This is an important book in its content, title, and field, and it is a topic that has not been summarized in a book
In this detail and following the historical archaeological scientific method. Its author is a person who has communicated with the Emirates, and with the Emirate of Ras Al Khaimah since he was a student at the university, and worked in difficult circumstances. He wrote many research and articles about the antiquities of the Emirates in general, and about the antiquities of Ras Al Khaimah in particular. He was creative, mastered, improved, and accomplished, and for this reason it can be considered One of the most active foreign researchers in the fields of antiquities related to the United Arab Emirates in general. He was attached to the Emirate of Ras Al Khaimah, lived and worked there, and mixed his thoughts with its antiquities and heritage buildings. Hence, the translation of this book comes to provide the Arab Library with a reference in architectural heritage, allowing readers to see the castles, forts and towers contained in the Emirate of Ras Al Khaimah, which is considered one of the most important examples of traditional architecture in the United Arab Emirates. The reader will find in this book accuracy and methodology, explanation and detail, and pictures and illustrative drawings that will help the reader comprehend and understand what he has read.
A university professor sees a painting in a museum in which a person very similar to his father is drawn, and he feels deeply that the resemblance does not stop at the symmetry of the two faces alone. A frightening intuition awakens within him, and he tries to meet a relative of the descendants of the man in the painting.

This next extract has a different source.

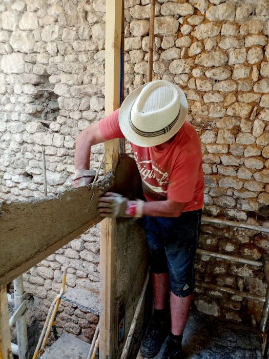 D'ici quelques mois, une autre tranche consistera à reconstruire une petite partie au bout de la maison (mur très abîmé qui c'est écroulé cet hiver) pour y faire un espace de rangement extérieur. On utilisera peut-être la paille avec ossature bois, mais rien n’est encore arrêté à ce sujet. Il y a aussi pas mal de maçonnerie, et la pose de menuiseries et aménagement d'une grande pièce dans l'ancien garage.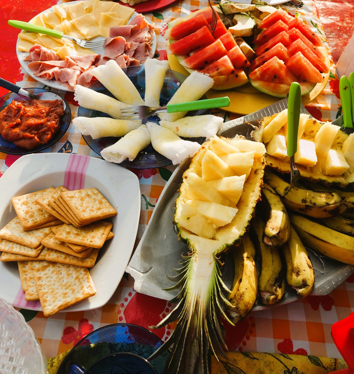 Båten er utstyrt med et enkelt kjøkken, men kokken tryller frem god mat. Vi får måltidene servert noen ganger oppe og andre ganger nede. Det kommer an på varmen. Vi har mye felles tid, men ønsker du alenetid tar du med deg en stol og setter deg et sted for å nyte naturen, meditere eller leser din gode bok.

The novel's hero enters the maze of dream and wakefulness, and the maze of memory with its ramifications, evoking stories in which the real is mixed with the imaginary, and little by little we find that we are faced with several narratives, each one of which brings us into a new loss, until we ourselves become walking on the border between dream and wakefulness.
In “The Dark Bank,” José María Merino writes about the other or the companion, and about the past and memory, in a wonderful labyrinthine structure, within a vast time that lies on the margins of hours and pulses, and offers us pure pleasure that stimulates our imagination and senses.